Without seeking for an answer to her prayer, she rose distractedly and went and flung herself upon the bed where Yûsuf lay. He moaned:

“My mother! Oh, alas, thy bitterness! How couldst thou seek to rob me of delight? Behold me dead! Now art thou satisfied? O Lord have mercy on me! O Calamity!”

Blubbering loudly, she implored forgiveness. Soon his arms went round her; they lay, hugging one another, sobbing, cooing, while the spectators wept aloud in tender sympathy. The Pasha’s face was hidden in his pocket-handkerchief. Murjânah Khânum murmured prayers beneath her breath.

“O my despair! my wickedness!” the mother shrieked.

“My grief, my desolation; now my joy!” sobbed Yûsuf.

“O Lord, relieve me, for my heart is bursting,” moaned the Pasha.

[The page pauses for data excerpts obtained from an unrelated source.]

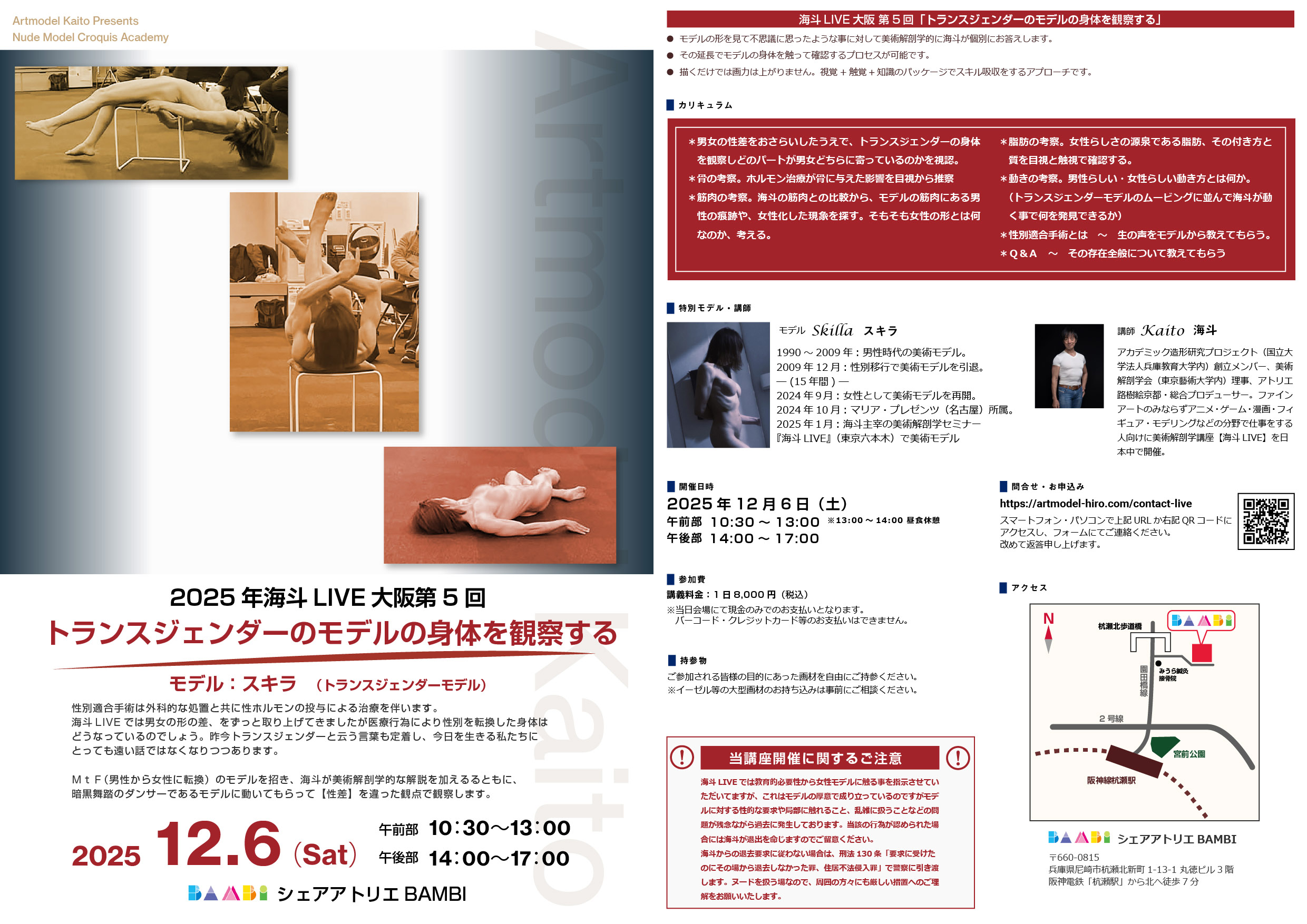 男女のモデルを同時に観察できるうえに、解剖学の解説までつくという豪華なセミナー!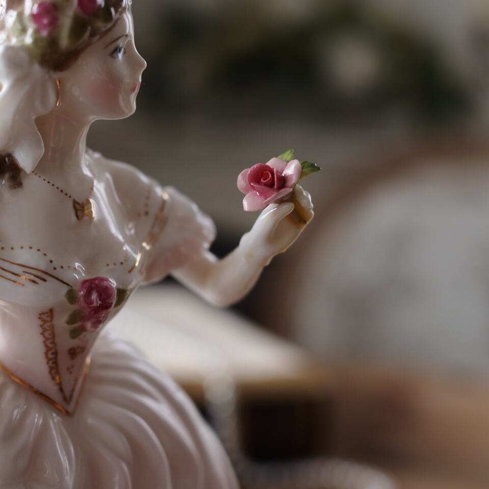 ヴィクトリア朝のロマンティックな世界観をそのまま写し取ったような、美しいフィギュリンです。
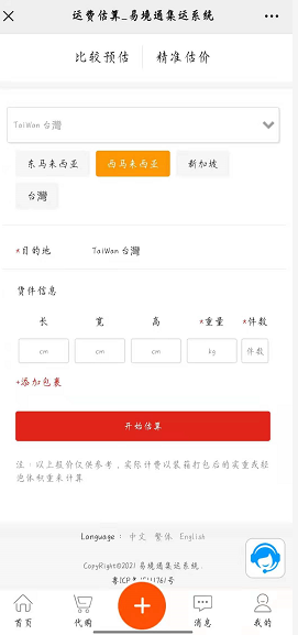 哪很多小伙伴肯定会问到手机端要如何操作呢,其实手机端的话也是一样哦,首先我们可以关注我们集运公司的一个公众号,这时小伙伴进入公众号也是在首页可以看到运费估算的,这时有需要的小伙伴可以点击进去选择精准估价选择需要发往的目的国家输入货件信息即可,如下图所示哦。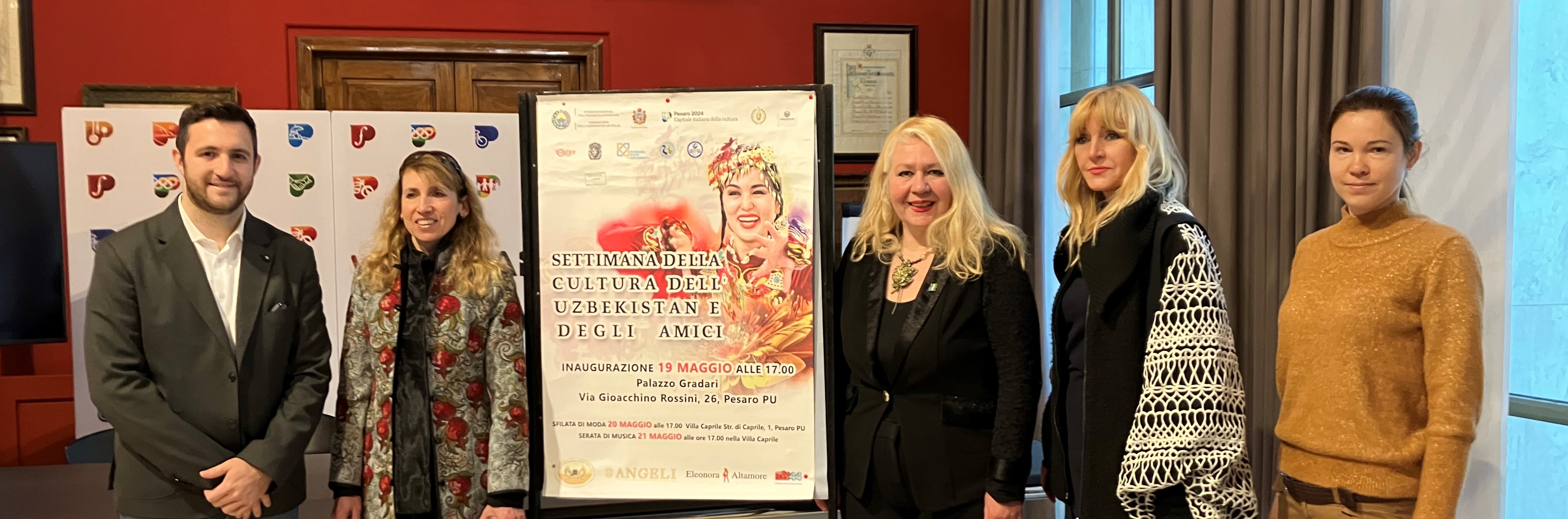 Nel weekend - tra Villa Caprile e Palazzo Gradari – numerosi eventi che offrono l’opportunità di scoprire la bellezza e la diversità delle culture uzbeka e italiana. Alla conferenza stampa erano presenti Marco Perugini presidente del Consiglio Comunale – che ha sottolineato come questo evento rappresenta un ulteriore tassello della strategia di Pesaro2024, ‘una strategia già partita nel 2023, che apre la nostra città a relazioni internazionali’ - e Aida Abdullaeva, Presidente dell'associazione internazionale Progetto Angeli - APS in rappresentanza dell'Uzbekistan.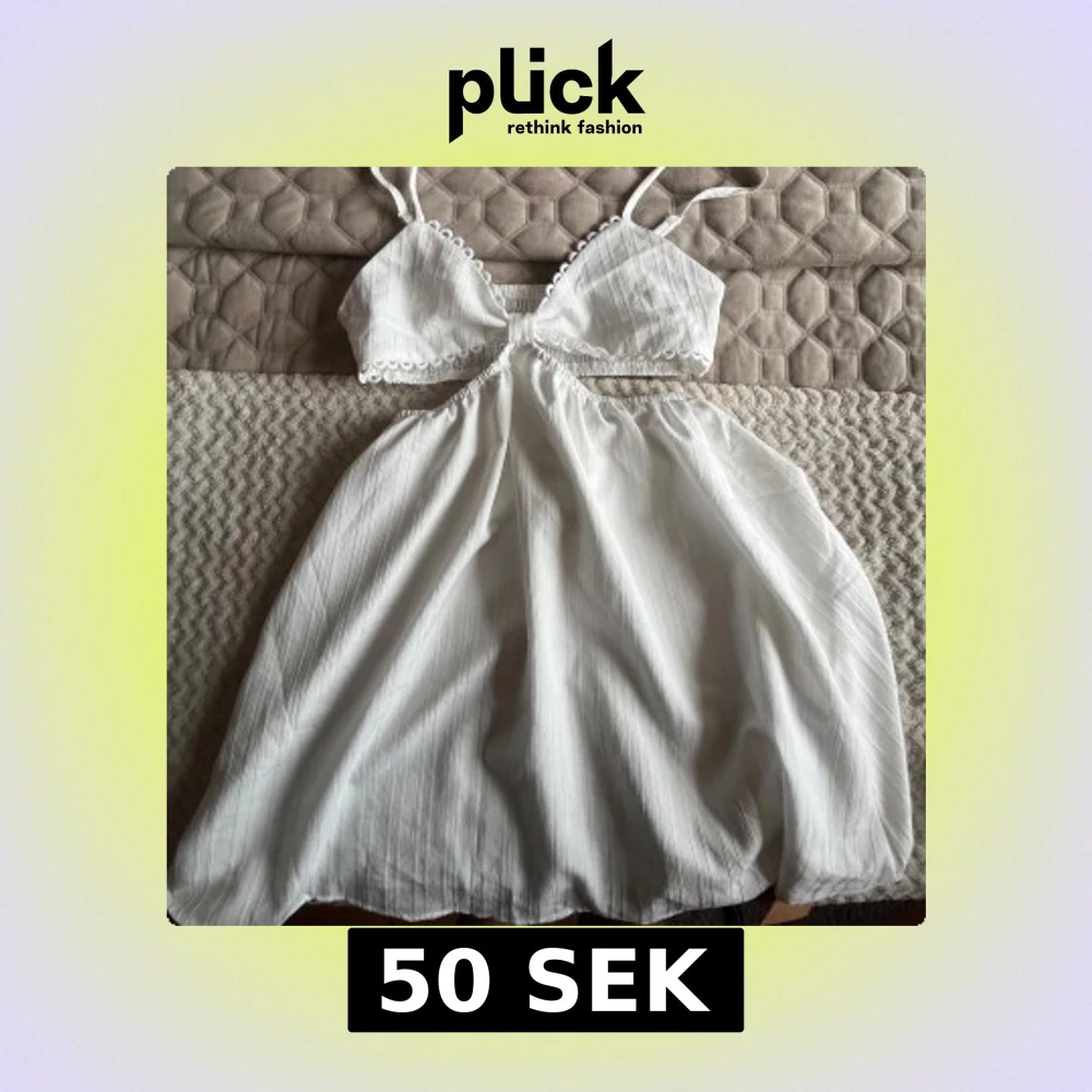 Perfekt Söt vit studentklänning med smala axelband, cut-out under bysten och fina spetsdetaljer längs kanterna. Kjolen är lätt och luftig, perfekt för varma dagar. Klänningen har en feminin och ungdomlig stil.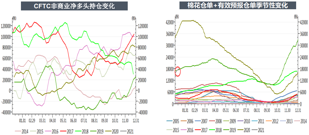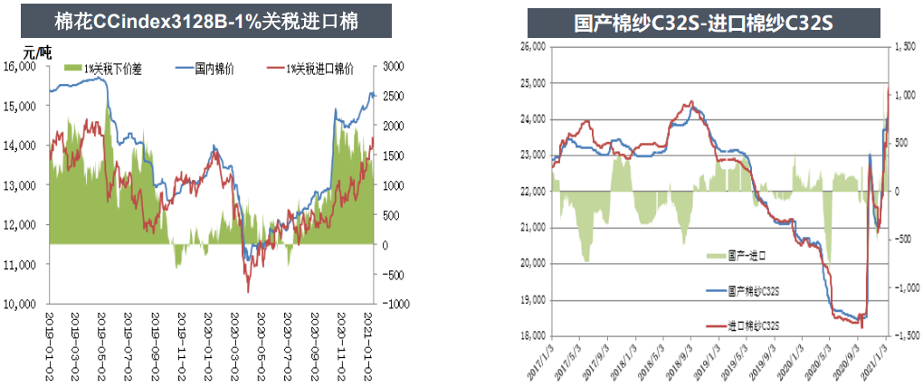 國內(nèi)市場,供應(yīng)端棉花有大量商業(yè)庫存+大量新棉+進(jìn)口棉,短時間內(nèi)棉花供應(yīng)充足;需求端,內(nèi)需隨著國內(nèi)經(jīng)濟(jì)的恢復(fù),需求端數(shù)據(jù)持續(xù)向好,出口數(shù)據(jù)也非常好,整體消費都在好轉(zhuǎn),但1月13日美國出臺制裁新疆棉的文件使得市場對消費市場略有擔(dān)憂。短期鄭棉多空因素交織,下游庫存低且需求較好短期支撐鄭棉,此外美棉走強(qiáng)抬高整體棉價,但上方短期有美國制裁新疆棉的利空,還有套保盤壓力,價格上漲和下跌都有壓力和支撐。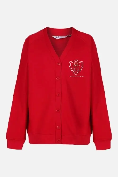This school cardigan is a practical and comfortable layering option for everyday wear. Available in classic school colours, it is made from a durable polyester/cotton blend and features an embroidered school logo on the garment for a smart, uniform finish.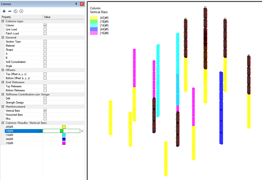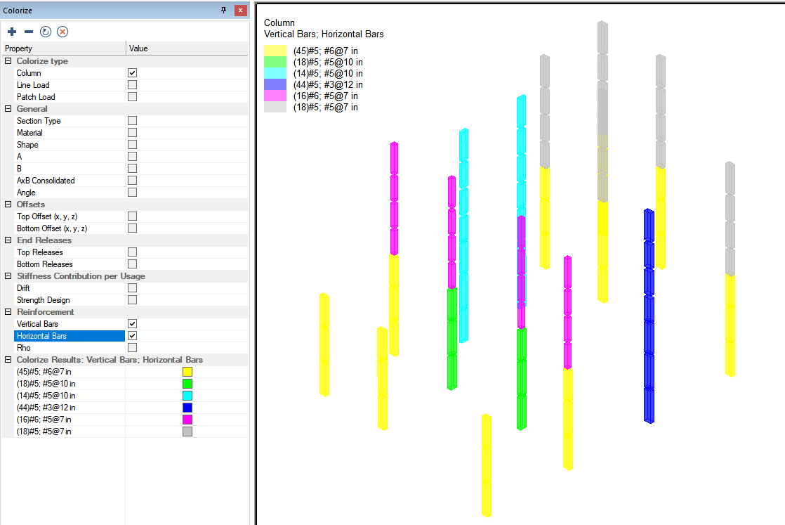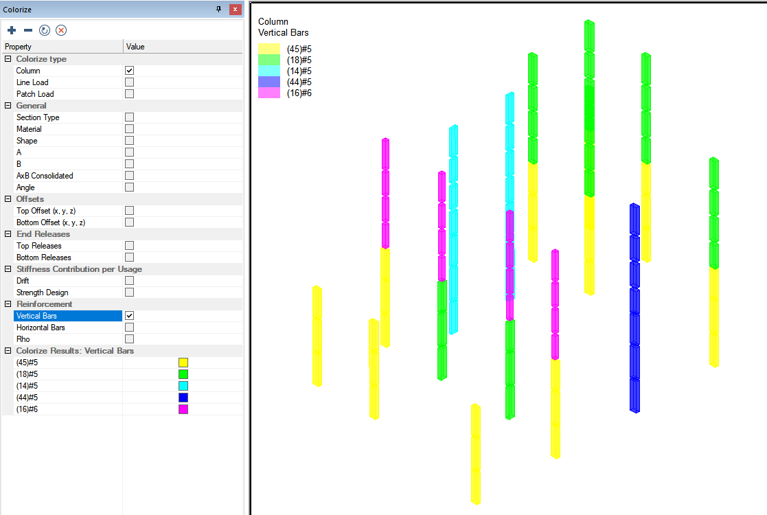 Check the box next to Vertical Bars in the Reinforcement section of the colorize panel. The program will then colorize columns based on the vertical bar size assigned to the column. A legend will appear in the upper left of the model space denoting the bar size used for each color.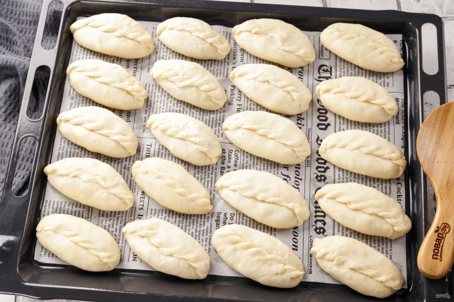 Перенесите пирожки на противень, застеленный специальным ковриком или, как у меня, силиконизированным пергаментом. Можно просто смазать противень растительным маслом.
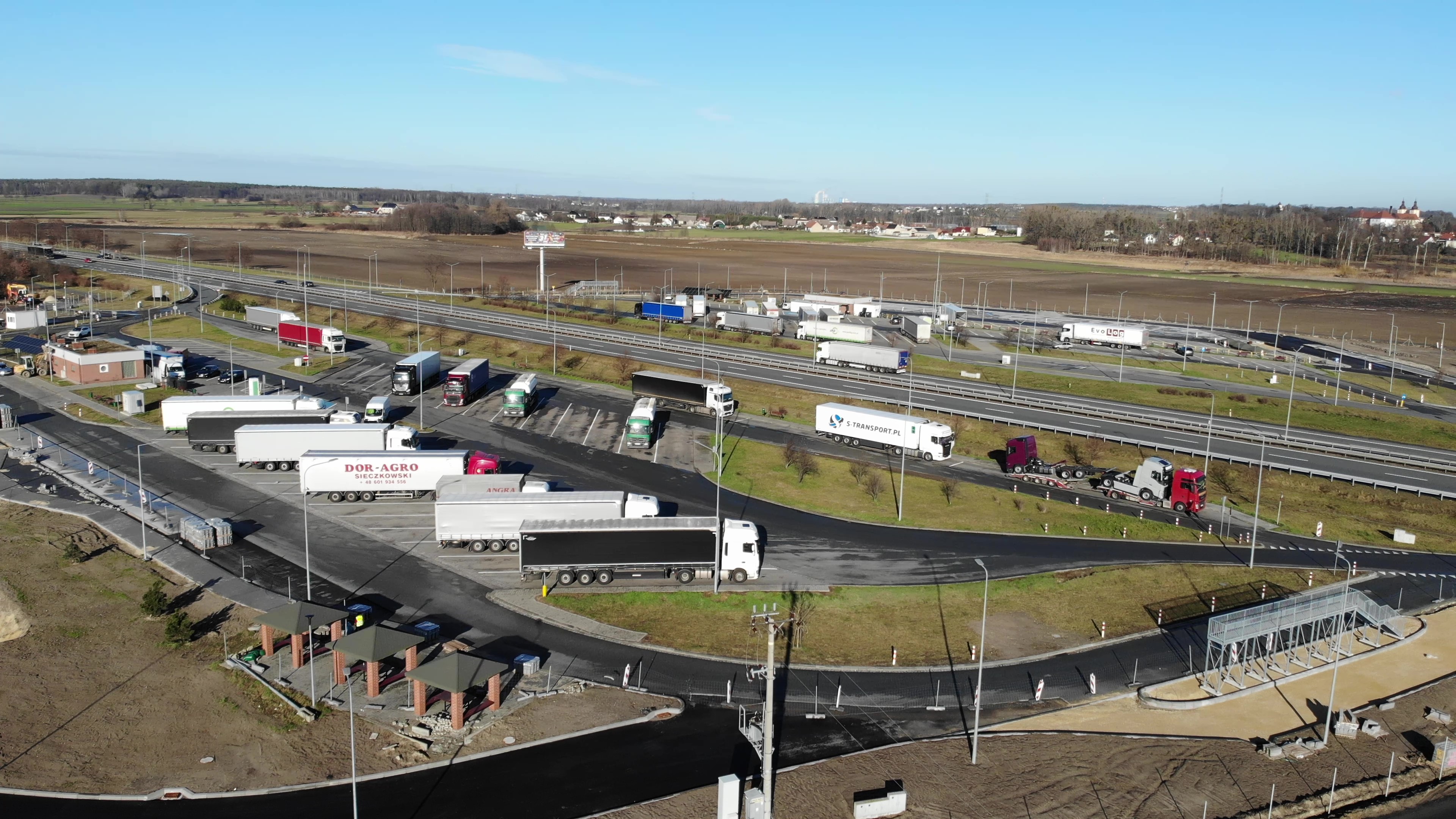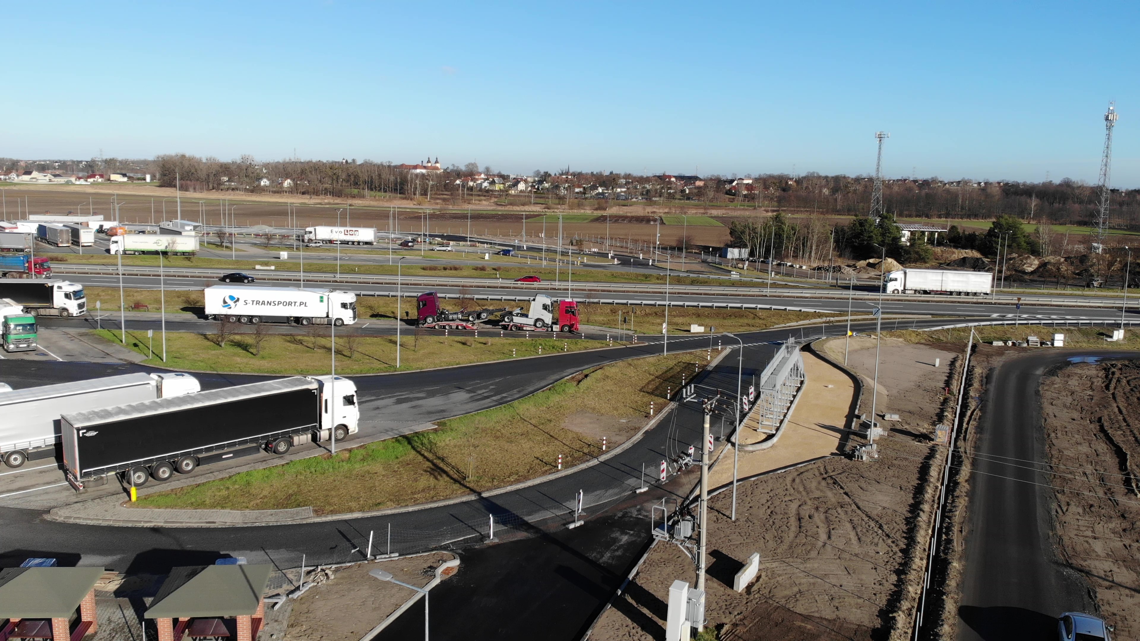 Obecnie układana jest kostka betonowa na wyspach i chodnikach, trwa montaż ogrodzenia. Na obu MOP-ach ustawiono rampy do odśnieżana pojazdów ciężarowych, wokół których ułożona zostanie kostka brukowa.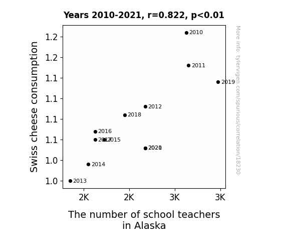 This means 67.6% of the change in the one variable (i.e., The number of school teachers in Alaska) is predictable based on the change in the other (i.e., Swiss cheese consumption) over the 12 years from 2010 through 2021.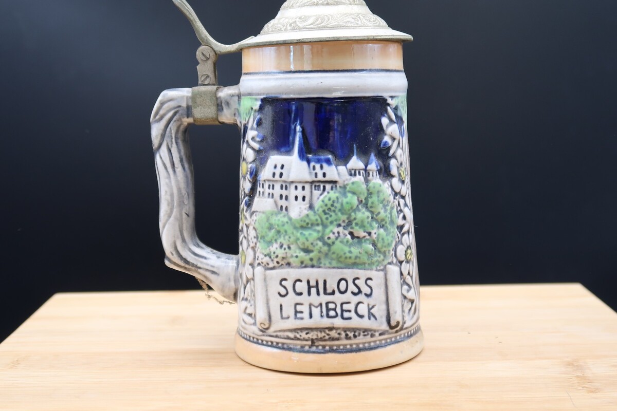 Vintage German Beer Stein Pewter Lid Schloss Lembeck Marked 5064 7"

“Oh, what do I behold. How rapture pains me!” came from bystanders. All, in the selfish orgy of emotion, forgot the terrified and wondering bride, who, understanding not a word of what was said, surveyed a riddle. She asked the Pasha what the matter was. He answered with a hiccup of emotion:

“It is nothing, mademoiselle. It will soon pass. Have no fear!” which only added to her stupefaction.

She had seen such exhibitions in ill-governed nurseries, but never among grown-up folks before. To account for all the outcry she imagined some tremendous tragedy, and waited anxiously to learn its nature.

It was close on midnight ere the chamber emptied and, left alone with Yûsuf, she could put her question. Then he told her the whole story with frequent interjection of “Oh, how I suffered!” She learnt that she had narrowly escaped a cruel death. But how her danger bore upon the scenes she had just witnessed, or in what manner they were meant to reassure her, she could not divine. Yûsuf himself bestowed no thought on her predicament, immersed in contemplation of his own emotions. Feeling alone and outcast, she wept a little ere she went to sleep.